El mundo empezó a estremecerse a nuestro alrededor. El triste escenario se borroneó. Se nos estaba arrancando de allí.

Ella, al comprender que nos íbamos, se enjugó las lágrimas de los ojos.

— ¿Volveré a veros?

— Eso esperamos… — dijo Leslie, también entre lágrimas.

— ¡Gracias por venir! — gritó aún —. ¡Gracias!

Debemos de haber desaparecido para ella, pues a través de la niebla la vimos reclinarse contra el piano, con la cabeza gacha por un momento.

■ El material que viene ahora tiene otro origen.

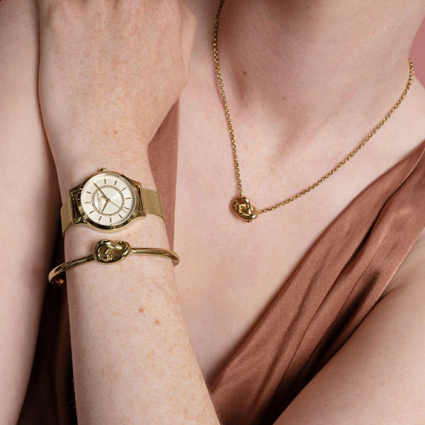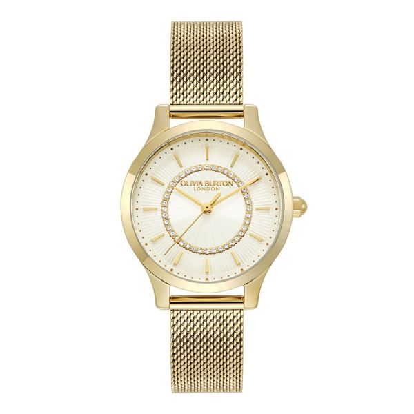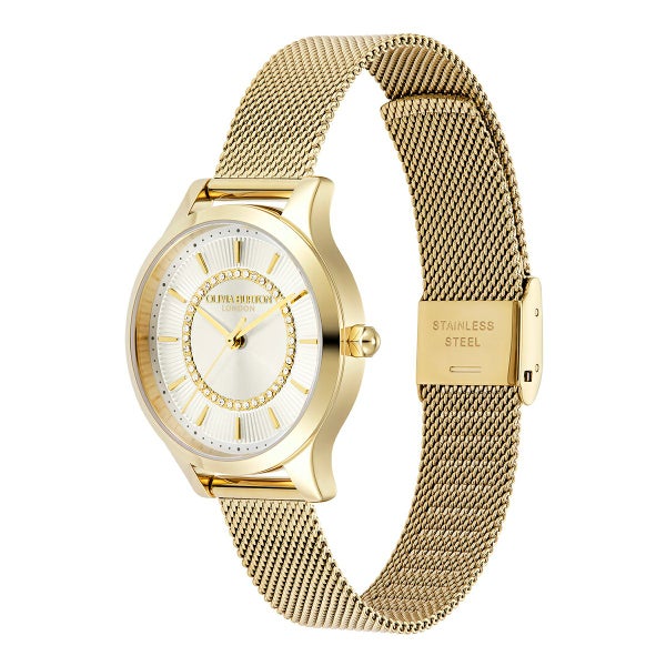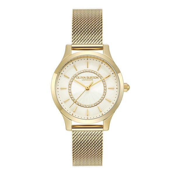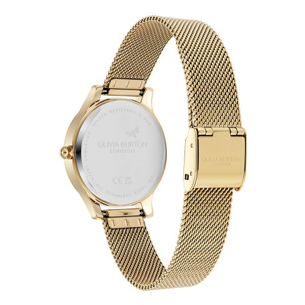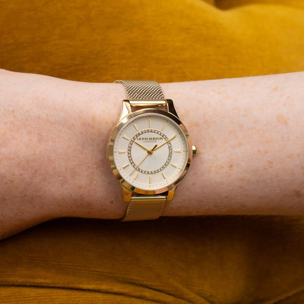 オリビア・バートンのアイコニックなワンダーランド・コレクションをベースに、ラグジュアリーに仕上げた「ワンダーラスト」コレクション。光り輝くサンレイ文字盤の中央にはサンバースト仕上げが施され、外縁には小さなゴールドのミニッツマーカーがあしらわれている。内側のマイクロパヴェクリスタルで、よりラグジュアリーで洗練されたスタイルに。
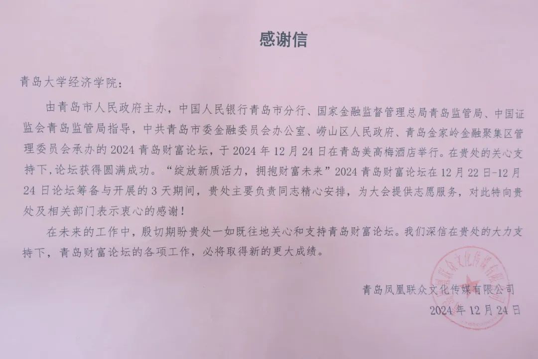 近日,青岛金家岭金融聚集区管理委员会、青岛凤凰联众文化传媒有限公司送来锦旗和感谢信,对Beat365官网经彩青春服务队在2024青岛财富论坛中的志愿服务表现给予高度肯定。
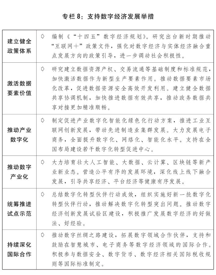 三是加力推动数字化发展。发展数字经济,推进数字产业化和产业数字化,打造具有国际竞争力的数字产业集群。培育数据要素市场,发挥好数据要素关键作用。推动数字政府建设,持续推进实施国家政务信息化重大工程,加快打造数字化一流营商环境。深入推进全国一体化大数据中心体系建设,做好数据中心建设布局,促进数据资源有序流通和创新应用。积极参与数字领域国际规则和标准制定。
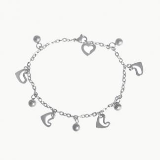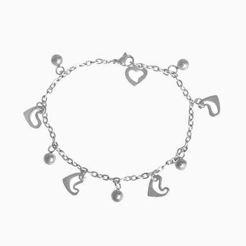 | Stainless steel bracelet with 4 heart charms and 5 beads and a closing heart charm |
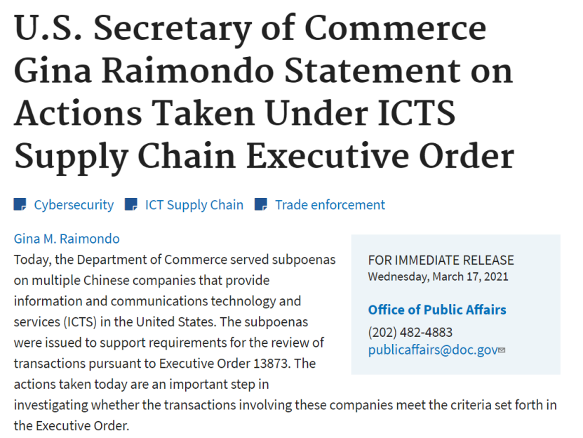 2021年03月18日 | 美国商务部向多家中国通讯公司发传票 调查国安风险

Luego se sentó en la vieja silla y sus dedos comenzaron a moverse sobre el teclado.

7

El severo cuarto desapareció en llovizna arremolinada y el motor rugió allá arriba.

Pye apartó la mano del acelerador y se acomodó en el asiento trasero para observarnos, cálido apoyo.

— ¡Llevaba una vida tan dura! — comentó Leslie, secándose las lágrimas —. ¡Estaba tan sola! ¿Es justo que nosotros recibamos las recompensas de su valor y sus esfuerzos?

— Recuerda que ella escogió esa vida — dijo Pye — También escogió las recompensas.

— ¿Qué recompensas? — preguntó Leslie.

— ¿Acaso no es ahora parte de ti?

Por supuesto, me dije. Su amor por la música, su mente empecinada y firme, hasta su cuerpo, pulido y modelado por años de decisiones, ¿no estaban con nosotros en ese mismo instante, mientras volábamos?